### [WHAT YOU HAVE TO DO]
From the records below, transcribe exactly the lines that begin at the line with "東京ディズニーリゾート(TD" and end at the line with "Crafted for serious", both included.

━━ PROVIDED INFORMATION

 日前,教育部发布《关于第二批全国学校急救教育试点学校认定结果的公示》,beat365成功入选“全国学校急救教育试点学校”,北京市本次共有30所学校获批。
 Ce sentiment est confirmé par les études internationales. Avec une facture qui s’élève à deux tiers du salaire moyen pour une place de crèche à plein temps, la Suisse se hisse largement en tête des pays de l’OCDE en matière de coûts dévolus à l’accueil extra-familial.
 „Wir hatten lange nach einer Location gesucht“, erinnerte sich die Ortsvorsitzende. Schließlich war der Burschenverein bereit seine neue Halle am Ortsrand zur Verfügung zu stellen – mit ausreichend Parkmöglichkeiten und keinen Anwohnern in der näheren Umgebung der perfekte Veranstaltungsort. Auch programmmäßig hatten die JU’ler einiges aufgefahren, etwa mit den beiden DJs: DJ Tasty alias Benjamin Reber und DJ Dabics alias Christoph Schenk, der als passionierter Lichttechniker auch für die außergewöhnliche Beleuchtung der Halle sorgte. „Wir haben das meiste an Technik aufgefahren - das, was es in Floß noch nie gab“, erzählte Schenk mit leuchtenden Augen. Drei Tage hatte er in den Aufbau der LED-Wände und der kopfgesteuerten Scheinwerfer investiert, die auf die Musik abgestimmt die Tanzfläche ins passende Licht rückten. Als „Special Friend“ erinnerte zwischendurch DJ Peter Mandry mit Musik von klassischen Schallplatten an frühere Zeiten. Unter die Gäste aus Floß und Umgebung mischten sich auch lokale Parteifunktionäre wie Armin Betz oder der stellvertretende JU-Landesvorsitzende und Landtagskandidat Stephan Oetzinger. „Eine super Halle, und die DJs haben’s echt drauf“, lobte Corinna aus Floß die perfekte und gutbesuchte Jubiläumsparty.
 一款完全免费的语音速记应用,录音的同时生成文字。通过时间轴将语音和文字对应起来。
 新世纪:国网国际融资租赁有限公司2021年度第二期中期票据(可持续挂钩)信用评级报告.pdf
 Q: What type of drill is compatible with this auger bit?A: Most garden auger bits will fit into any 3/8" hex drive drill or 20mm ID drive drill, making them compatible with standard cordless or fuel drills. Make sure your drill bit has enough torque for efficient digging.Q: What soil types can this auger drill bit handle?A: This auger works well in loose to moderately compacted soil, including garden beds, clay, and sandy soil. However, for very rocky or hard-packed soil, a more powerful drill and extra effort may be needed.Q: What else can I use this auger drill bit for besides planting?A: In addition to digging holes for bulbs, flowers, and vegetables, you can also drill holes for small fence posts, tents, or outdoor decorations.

━━━━
━━ PROVIDED INFORMATION

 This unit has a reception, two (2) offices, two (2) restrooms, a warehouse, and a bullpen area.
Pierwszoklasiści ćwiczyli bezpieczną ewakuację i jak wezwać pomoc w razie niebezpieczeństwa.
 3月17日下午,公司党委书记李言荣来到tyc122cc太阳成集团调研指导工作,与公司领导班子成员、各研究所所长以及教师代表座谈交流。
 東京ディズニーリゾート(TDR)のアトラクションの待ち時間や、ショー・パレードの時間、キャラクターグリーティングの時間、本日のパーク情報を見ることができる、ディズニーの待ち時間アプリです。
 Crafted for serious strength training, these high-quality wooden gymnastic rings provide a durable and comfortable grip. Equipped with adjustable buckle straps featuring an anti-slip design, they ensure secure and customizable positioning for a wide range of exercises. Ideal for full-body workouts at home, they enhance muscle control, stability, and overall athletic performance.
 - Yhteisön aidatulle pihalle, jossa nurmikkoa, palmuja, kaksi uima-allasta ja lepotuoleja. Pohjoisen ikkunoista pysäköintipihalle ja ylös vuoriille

━━━━

### [RESULT OF THE EXERCISE]
 東京ディズニーリゾート(TDR)のアトラクションの待ち時間や、ショー・パレードの時間、キャラクターグリーティングの時間、本日のパーク情報を見ることができる、ディズニーの待ち時間アプリです。
 Crafted for serious strength training, these high-quality wooden gymnastic rings provide a durable and comfortable grip. Equipped with adjustable buckle straps featuring an anti-slip design, they ensure secure and customizable positioning for a wide range of exercises. Ideal for full-body workouts at home, they enhance muscle control, stability, and overall athletic performance.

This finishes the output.